Al2TcIr is an intermetallic compound combining aluminum with technetium and iridium, representing an experimental high-performance alloy in the refractory metal family. While not widely commercialized, this material is of research interest for extreme-temperature and high-strength applications where the density and potential hardness of iridium-bearing compounds could provide advantages over conventional superalloys. Engineers would consider this material only in specialized aerospace or advanced manufacturing contexts where custom alloy development is justified and conventional alternatives (nickel superalloys, tungsten composites) prove insufficient.
Al2TcPd is an intermetallic compound combining aluminum with technetium and palladium, representing an experimental ternary metal system that lies outside conventional commercial alloy families. This material class is primarily of research interest, with composition and processing methods still under investigation to understand its phase stability, mechanical behavior, and potential high-temperature or specialty applications. Engineers would encounter this material only in advanced materials research contexts where novel intermetallic systems are being evaluated for properties not achievable in traditional binary or established ternary alloys.
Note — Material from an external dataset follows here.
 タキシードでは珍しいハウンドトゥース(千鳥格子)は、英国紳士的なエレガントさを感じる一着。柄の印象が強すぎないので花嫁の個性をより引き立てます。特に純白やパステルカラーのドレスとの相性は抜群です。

Al2Te is an intermetallic compound composed of aluminum and tellurium, belonging to the family of metal tellurides that combine metallic and semiconducting characteristics. This material is primarily of research and developmental interest rather than established in high-volume industrial production. Al2Te and related aluminum-tellurium compounds are investigated for potential applications in thermoelectric devices, optoelectronics, and advanced semiconductor research where the unique electronic structure of metal tellurides offers tunable properties unavailable in conventional metals or ceramics.
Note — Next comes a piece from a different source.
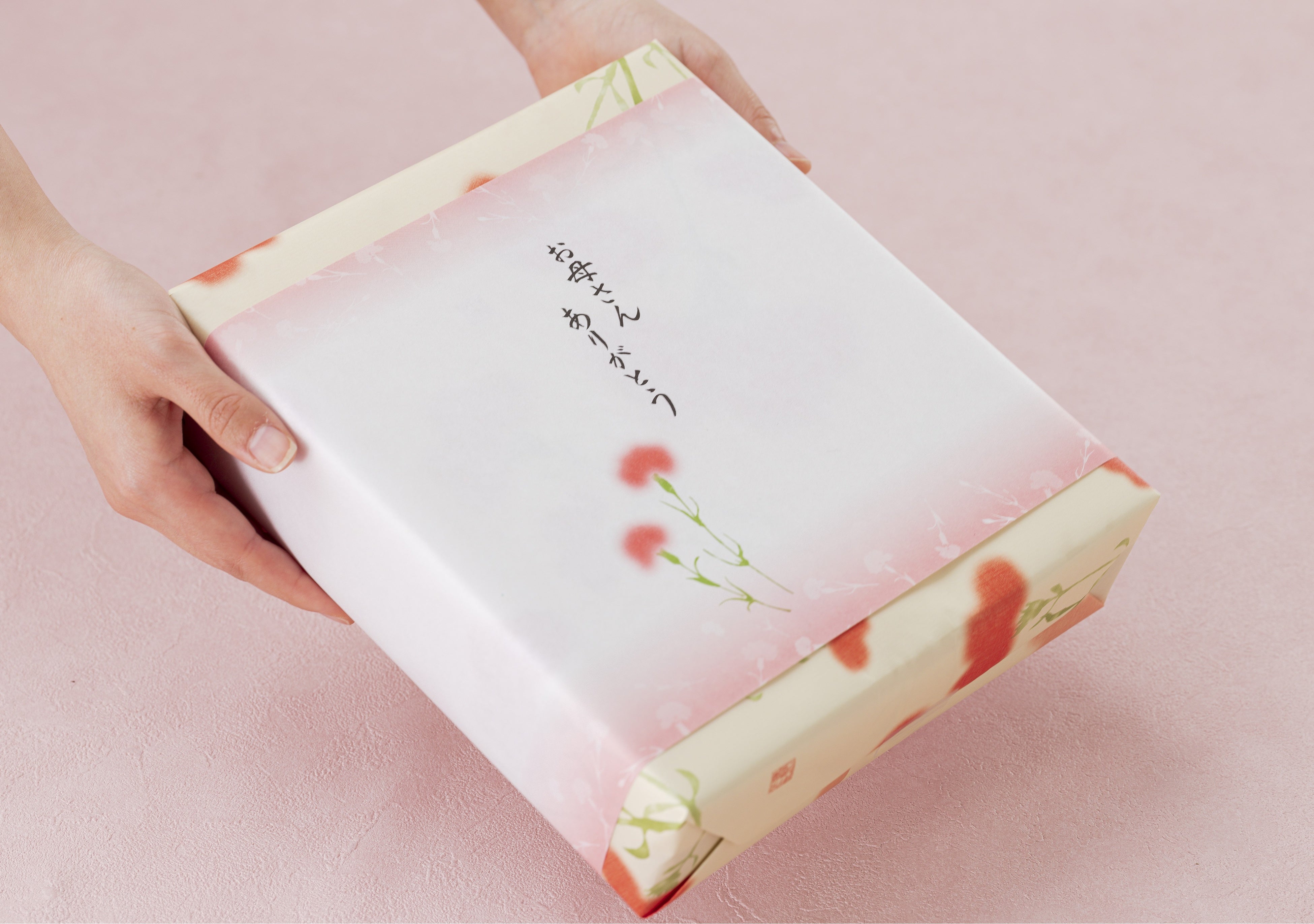 優しい色合いとカーネーションデザインが可愛い母の日専用の包装紙でお包みしたあと、「お母さんありがとう」の言葉を添えたオリジナルの掛け紙をおかけして大切なお母さんのもとへお届け致します。

Al2Te5 is an intermetallic compound combining aluminum and tellurium, representing an emerging material in the family of metal tellurides. This compound is primarily investigated in materials research contexts rather than established industrial production, with potential applications in thermoelectric devices and semiconductor technologies where layered crystal structures and moderate mechanical properties could provide advantages in thermal management and electronic transport.
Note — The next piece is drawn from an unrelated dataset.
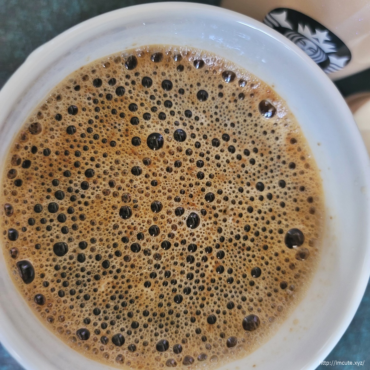이렇게 먹다보면 거품이 잦아드는데요 안에 가라앉은 것은 찌꺼기가 아니라 먹어도 되는 물질인거 같습니다. 효소 커피이지만 정말 구수하고 맛있고 다른 효소들은 발효냄새가 나던데 이건 그러한 점이 없어서 먹기에도 편하네요...

Al2TiZn is an intermetallic compound combining aluminum, titanium, and zinc, representing a ternary metallic system of research interest for lightweight structural applications. This material family is studied primarily in academic and experimental contexts for potential aerospace and automotive uses where weight reduction and thermal stability are valued, though industrial adoption remains limited compared to established Ti alloys or Al-Zn systems. The combination of these elements aims to balance the light weight of aluminum with titanium's strength and thermal performance, though practical processing and cost considerations have limited commercialization.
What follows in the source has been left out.